** Provided records follows **

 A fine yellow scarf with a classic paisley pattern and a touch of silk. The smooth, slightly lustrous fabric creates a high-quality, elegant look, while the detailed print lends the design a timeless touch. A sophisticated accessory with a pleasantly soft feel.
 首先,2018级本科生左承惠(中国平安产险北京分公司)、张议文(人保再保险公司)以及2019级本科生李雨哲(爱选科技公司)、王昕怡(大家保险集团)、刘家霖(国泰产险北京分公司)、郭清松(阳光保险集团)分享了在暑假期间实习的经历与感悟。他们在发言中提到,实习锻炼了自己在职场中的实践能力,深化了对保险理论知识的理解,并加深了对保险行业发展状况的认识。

** End of Provided records **
** Provided records follows **

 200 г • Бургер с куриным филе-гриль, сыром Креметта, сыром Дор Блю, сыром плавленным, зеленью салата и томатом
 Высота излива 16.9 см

** End of Provided records **

-- Prompt --
Look back at the data above. Transcribe exactly the lines starting at the line that contains "200 г • Бургер" and ending at the line that contains "Высота излива 16.9 см".

-- Response to the exercise --
 200 г • Бургер с куриным филе-гриль, сыром Креметта, сыром Дор Блю, сыром плавленным, зеленью салата и томатом
 Высота излива 16.9 см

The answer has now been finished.